Помнится, автор посмеивался над простаками, желающими узнать, что стало с полюбившимися героями, – посмеивался над незнанием законов построения литературного произведения, непониманием меры условности, отсутствием художественного вкуса и т. д. – ибо какое может быть продолжение вслед за точно обозначенным концом? Здание достроено, подведено под крышу, в нем живут…

Теперь, в предчувствии романа-эпилога, автора тоже стало занимать, куда же деваются герои… Как, например, преображается Раскольников после того, как его великий летописец вынул из него всю его жизнь и потратил ее за короткий отрезок времени так, что жизнь и невозможна дальше при таком-то выводе и приговоре? Приговор приведен в исполнение – какие щепочки и крошки сметает автор со своего стола в эпилоге? Прочтите любой эпилог: вам почудится циничная усмешка создателя: счастливая ли то семейная жизнь, свершение ли духа… – там может быть что угодно. Там неподвластное, настоящее время, и не потому автор прекращает писать, что все сказал, а потому, что дальше у него не хватает сил, что дальше он не может. Мы уже рассуждали, что настоящее время – обязательно смерть героя, поэтому так уместны трагические концы. В наше ненастоящее время трагические концы неуместны. Что же ожидает героя вслед за его не признанной за смерть смертью? Даже мертв ли он, мы не знаем, потому что числим себя живыми.
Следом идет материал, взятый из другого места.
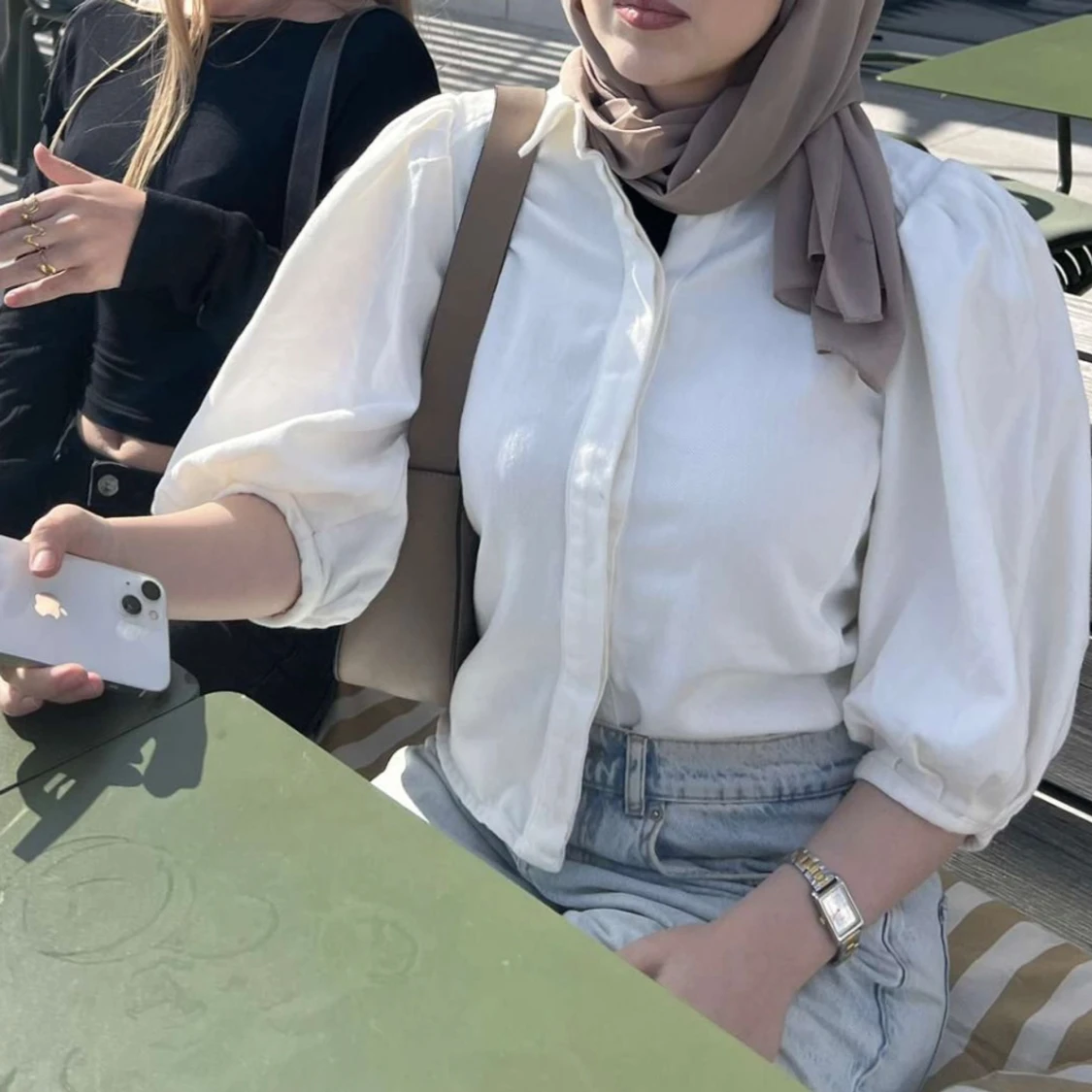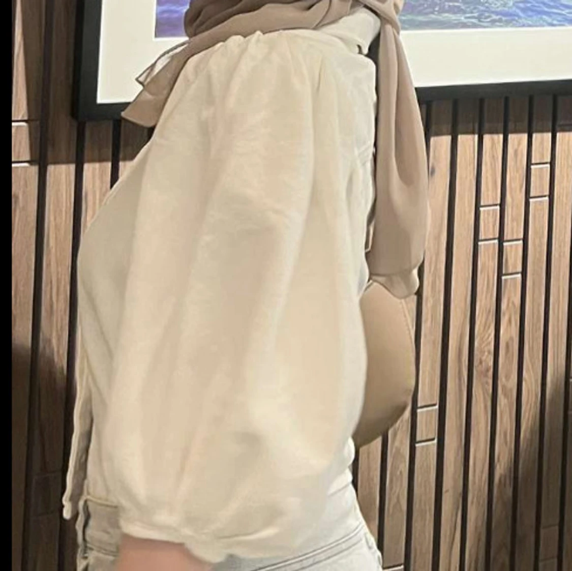 Säljer en vit denim skjorta med puffiga trekvartsärmar och klassisk krage. Skjortan har knappar framtill och är tillverkad i ett mjukt bomullstyg. Perfekt att styla med jeans för en clean och trendig look. Har använt en gång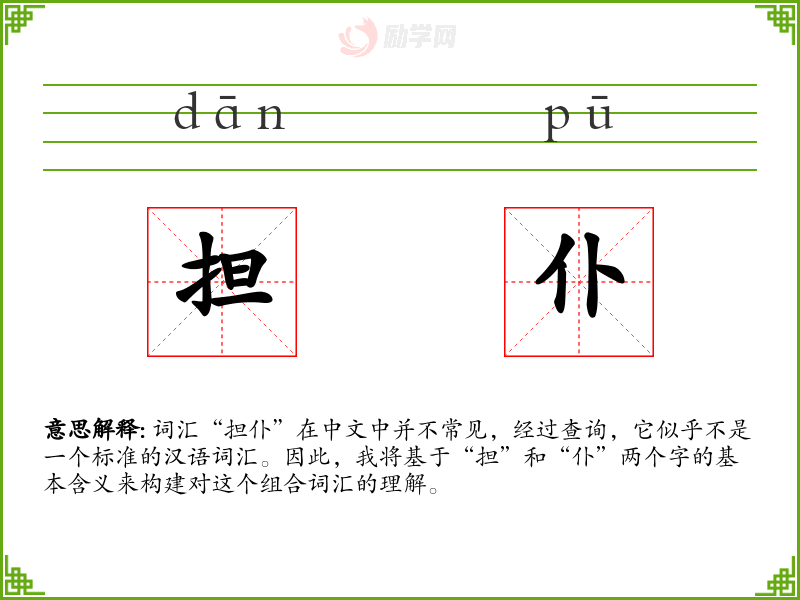 词汇“担仆”在中文中并不常见,经过查询,它似乎不是一个标准的汉语词汇。因此,我将基于“担”和“仆”两个字的基本含义来构建对这个组合词汇的理解。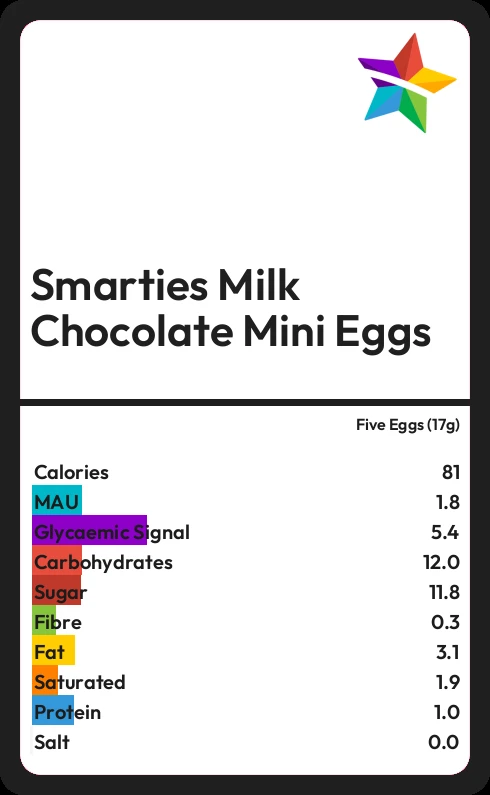 Smarties Milk Chocolate Mini Eggs contains 80.8 calories in five Eggs (17g).

Так что теперь это наивное желание продолжения кажется нам имеющим более глубокую, более подводную основу. Впрочем, маловероятно, что кто-нибудь захочет мучиться вместе

с Левой и дальше. Тяжело и надежд мало. И вот тут мы испытываем определенную вину перед героем, заставляющую нас откладывать и откладывать роман (эпилоги – первый, второй, третий…), чтобы наспевал новый и новый, опять не удовлетворяющий нас конец. И мы снова и снова пойманы в тоску летописца, который, лишь ради того, что никто за него этого не сделает, воспроизводит то, в чем он окончательно не уверен, единственным способом – исключения собственной жизни.

Право, стоит ли? Единственное счастье пишущего, ради которого, мы полагали, все и пишется: совершенно совпасть с настоящим временем героя, чтобы исчезло докучное и неудавшееся, свое, – так и оно недоступно. Ахиллес никогда не догонит черепаху… нам не удержаться – мы прилагаем лемму.
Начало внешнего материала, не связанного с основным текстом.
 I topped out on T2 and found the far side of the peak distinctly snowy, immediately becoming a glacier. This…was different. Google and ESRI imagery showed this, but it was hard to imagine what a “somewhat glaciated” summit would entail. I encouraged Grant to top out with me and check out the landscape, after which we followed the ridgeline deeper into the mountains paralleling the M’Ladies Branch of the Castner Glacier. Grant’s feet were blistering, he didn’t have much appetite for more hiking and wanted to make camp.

Мы бредем в настоящем времени, где каждый следующий шаг является исчезновением предыдущего и каждый, в этом смысле, является финалом всего пути. Поэтому настоящее время романа есть цепи финалов, линия, по которой отрывается прошлое от несуществующего будущего, трассирующая дискретность реальности, которой мы изрешечены насквозь. Любая точка настоящего является концом прошлого, но и концом настоящего, потому что жить дальше нет никакой возможности, а мы живем. Собственно, «любой» точки у настоящего и быть не может, настоящее – само есть точка, точка в математическом смысле, которую можно уподобить лишь остренькому уколу, и то нельзя.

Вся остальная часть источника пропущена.